Sacco earned his BA in journalism from the University of Oregon in 1981 in three years. He was greatly frustrated with the journalist work that he found at the time, later saying, "[I couldn't find] a job writing very hard-hitting, interesting pieces that would really make some sort of difference." After being briefly employed by the journal of the National Notary Association, a job which he found "exceedingly, exceedingly boring," and several factories, he returned to Malta, his journalist hopes forgotten. "...I sort of decided to forget it and just go the other route, which was basically take my hobby, which has been cartooning, and see if I could make a living out of that," he later told the BBC.

He began working for a local publisher writing guidebooks. Returning to his fondness for comics, he wrote a Maltese romance comic named Imħabba Vera ("True Love"), one of the first art-comics in the Maltese language. "Because Malta has no history of comics, comics weren't considered something for kids," he told The Village Voice. "In one case, for example, the girl got pregnant and she went to Holland for an abortion. Malta is a Catholic country where, at the time, not even divorce was allowed. It was unusual, but it's not like anyone raised a stink about it, because they had no way of judging whether this was appropriate material for comics or not."

Eventually returning to the United States, by 1985 Sacco had founded a satirical, alternative comics magazine called Portland Permanent Press in Portland, Oregon. When the magazine folded fifteen months later, he took a job at The Comics Journal as the staff news writer. This job provided the opportunity for him to create and edit another satire: the comics anthology Centrifugal Bumble-Puppy  (a name he took from an overcomplicated children's toy in Aldous Huxley's Brave New World), published by The Comics Journals parent company Fantagraphics Books.

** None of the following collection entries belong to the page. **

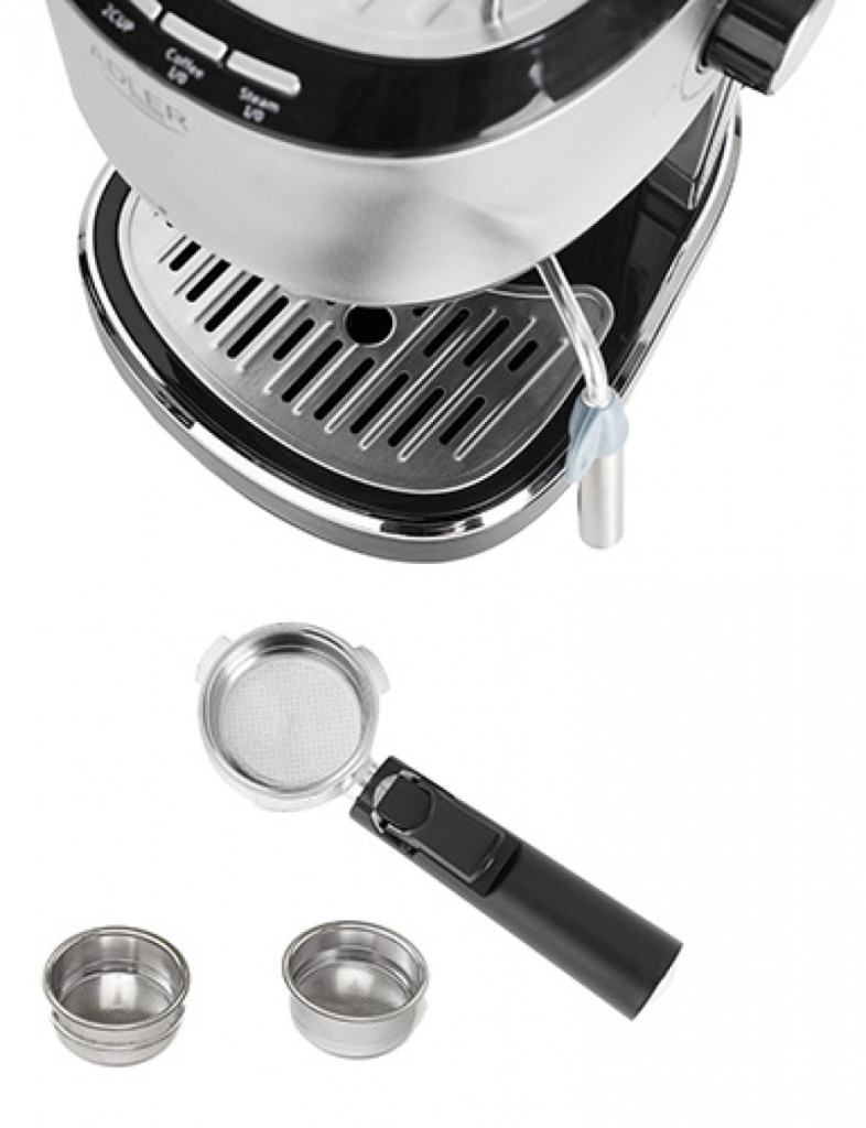 Az AD 4408 eszpresszógépet igényes kávébarátoknak tervezték, akik számára a kávé finom illata teszi a napot. Remek eszköznek bizonyul, amely otthon és a munkahelyen egyaránt használható minden olyan helyen, ahol élvezheti a frissen készített aromás kávét. A készülék nagy hatékonysága 850 W névleges teljesítményű.Kielégíti a legigényesebb felhasználókat is, akik nem akarnak sokáig várni kedvenc italukra. A beépített tejhabosító készüléknek köszönhetően könnyen elkészíthet egy cappuccino-t. Most már csak pihenhet és élvezheti a kellemes kávét. A termék elején dekoratív matrica található.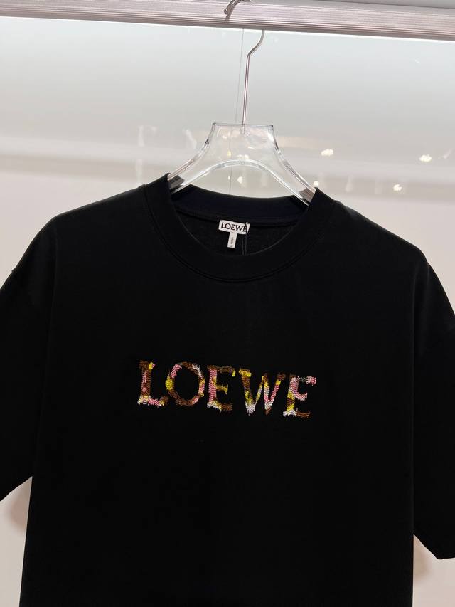 Loewe High-Quality 320g Crew Neck Short Sleeve T-Shirt. Classic and simple color-blocked embroidered logo. 2026 Spring/Summer official version, high quality. Stylish, versatile, and trendy. Original quality fabric. Complete with hangtag, neck label, and wash label. Colors: Black, White. Sizes: S, M, L, XL.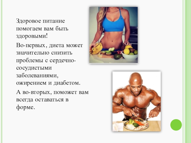 Здоровое питание помогаем вам быть здоровыми!Во-первых, диета может значительно снизить проблемы с сердечно-сосудистыми заболеваниями, ожирением и диабетом.А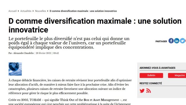 TOBAM étend son terrain de jeu vers les Etats-Unis. La société de gestion française, anciennement Lehman Brothers Asset Management France, vient de décrocher un mandat de gestion d’un montant de 150 millions de dollars.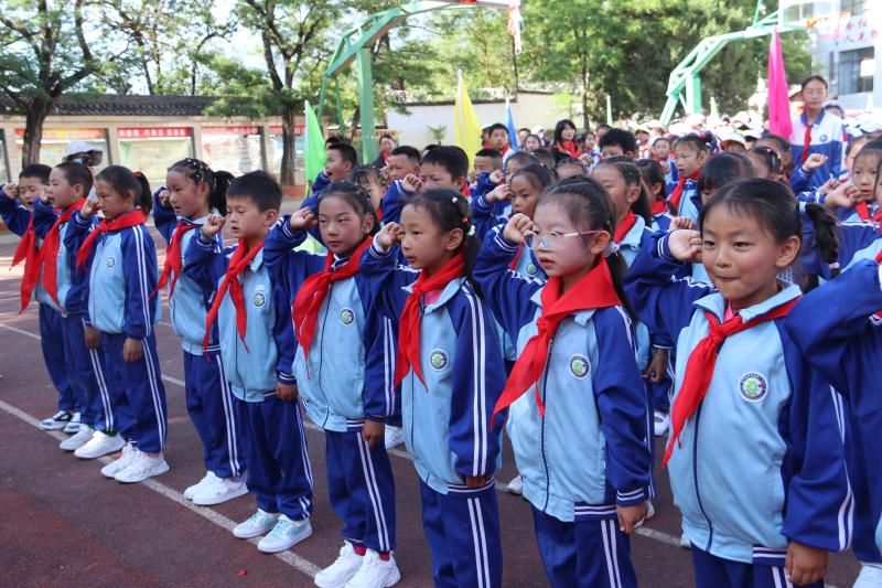上午8點30分,活動正式開始,升國旗、唱國歌、行隊禮,孩子們(men) 激動的心情溢於(yu) 言表。在新隊員入隊儀(yi) 式上,共有138名學生加入光榮的中國少年先鋒隊組織,老隊員們(men) 為(wei) 他們(men) 佩戴紅領巾,鮮豔的紅領巾在新隊員的胸前飄揚,也在燦爛的朝陽下熠熠閃光。隨後,該校對獲得“2022—2023年度“優(you) 秀少先隊員”“優(you) 秀班幹部”“紅領巾一星獎章榮譽”的同學進行了表彰。最後,學校舞蹈社團的孩子們(men) 為(wei) 大家帶來精彩的歌舞表演,把整個(ge) 活動推向高潮。 (張燕 攝影報道)

But Sacco was more interested in traveling. In 1988, he left the U.S. again to travel across Europe, a trip which he chronicled in his autobiographical comic Yahoo (also published by Fantagraphics). The trip led him towards the ongoing Gulf War (his obsession with which he talks about in Yahoo #2), and in 1991 he found himself nearby to research the work he would eventually publish as Palestine, a documentary graphic novel, which gather testimonies of survivors of war and trauma.

The Gulf War segment of Yahoo drew Sacco into a study of Middle Eastern politics, and he traveled to Israel and the Palestinian territories to research his first long work. Palestine was a collection of short and long pieces, some depicting Sacco's travels and encounters with Palestinians (and several Israelis), and some dramatizing the stories he was told. It was serialized as a comic book from 1993 to 1995 and then published in several collections, the first of which won an American Book Award in 1996 and sold more than 30,000 copies in the UK.

Sacco next travelled to Sarajevo and Goražde near the end of the Bosnian War, and produced a series of reports in the same style as Palestine: the comics Safe Area Goražde, The Fixer, and the stories collected in War's End; the financing for which was aided by his winning of the Guggenheim Fellowship in April 2001. Safe Area Goražde won the Eisner Award for Best Original Graphic Novel in 2001.

He has also contributed short pieces of graphic reportage to a variety of magazines, on subjects ranging from war crimes to blues, and was a frequent illustrator of Harvey Pekar's American Splendor. In 2005 he wrote and drew two eight-page comics depicting events in Iraq published in The Guardian. He also contributed a 16-page piece in April 2007's issue of Harper's Magazine, entitled "Down! Up! You're in the Iraqi Army Now". In 2009, his Footnotes in Gaza was published, which investigates two forgotten massacres that took place in Khan Younis and Rafah in November 1956. In June 2012, a book on poverty in the United States, Days of Destruction, Days of Revolt, co-written with journalist Chris Hedges, was published.  His latest work is Paying The Land (2020) discussing climate change and the indigenous Dene community of Northwest Canada, who, he says, were subject to cultural genocide by means of compulsory residential schooling, treaties, and capitalism. 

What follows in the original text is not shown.